Quando si parla di Sindrome di Stoccolma si fa riferimento a un particolare stato di dipendenza, psicologica e affettiva, che si presenta in alcuni casi in vittime di violenza (fisica, psicologica o verbale). Il soggetto affetto da questa sindrome prova un sentimento di tipo positivo nei confronti del proprio aggressore che può spingersi fino a un sentimento di amore o alla sottomissione, instaurando in questo modo un rapporto di alleanza e solidarietà con il proprio carnefice.
L’espressione fu usata per la prima volta da Conrad Hassel, agente speciale della CIA, in seguito ad un caso di sequestro di persone avvenuto nel 1973, quando Jan-Erik Olsson, un uomo di 32 anni evaso dal carcere di Stoccolma, tentò una rapina e prese in ostaggio tre donne e un uomo.

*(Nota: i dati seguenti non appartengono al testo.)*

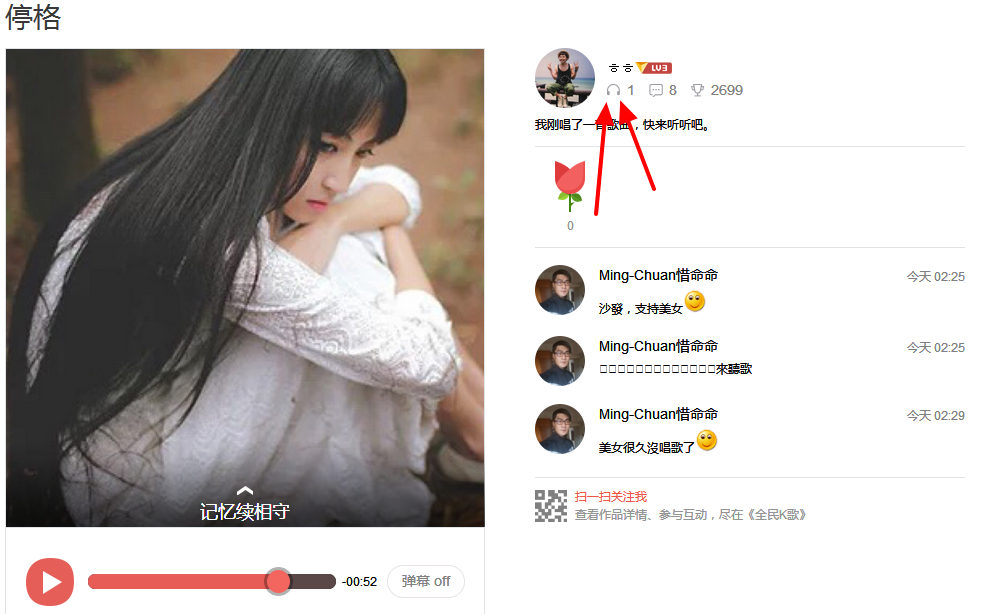 试听量主要就是人气的象征,你的试听越高,代表你唱的这首歌越火爆,越容易被大众接受,反之同理。

La prigionia e la convivenza forzata degli ostaggi con il rapinatore durarono oltre 130 ore al termine delle quali, gli ostaggi vennero rilasciati senza che fosse eseguita alcuna azione di forza e senza che nei loro confronti fosse stata attuata alcuna azione violenta da parte del sequestratore.
Durante la prigionia, come risulterà in seguito da dei colloqui psicologici, gli ostaggi temevano più la polizia che non gli stessi sequestratori. Durante il sequestro si verificarono vari episodi di gentilezza da parte dei rapitori. Le vittime tempo dopo raccontarono che, sebbene fossero legati e trattenuti in uno spazio ristretto, sentivano gratitudine nei confronti del carceriere, poiché le attenzioni ricevute da parte di quest'ultimo li indussero a sentirsi trattati con gentilezza, nonostante la circostanza.
Inoltre, quando poi gli ostaggi vennero liberati, quest'ultimi si preoccuparono dell'incolumità dei propri carcerieri. Anche successivamente le vittime continuarono a provare sentimenti contrastanti e apparentemente irrazionali nei confronti dei rapitori. Gli psichiatri spiegarono che gli ostaggi erano diventati emotivamente debitori ai loro rapitori perché non li avevano uccisi.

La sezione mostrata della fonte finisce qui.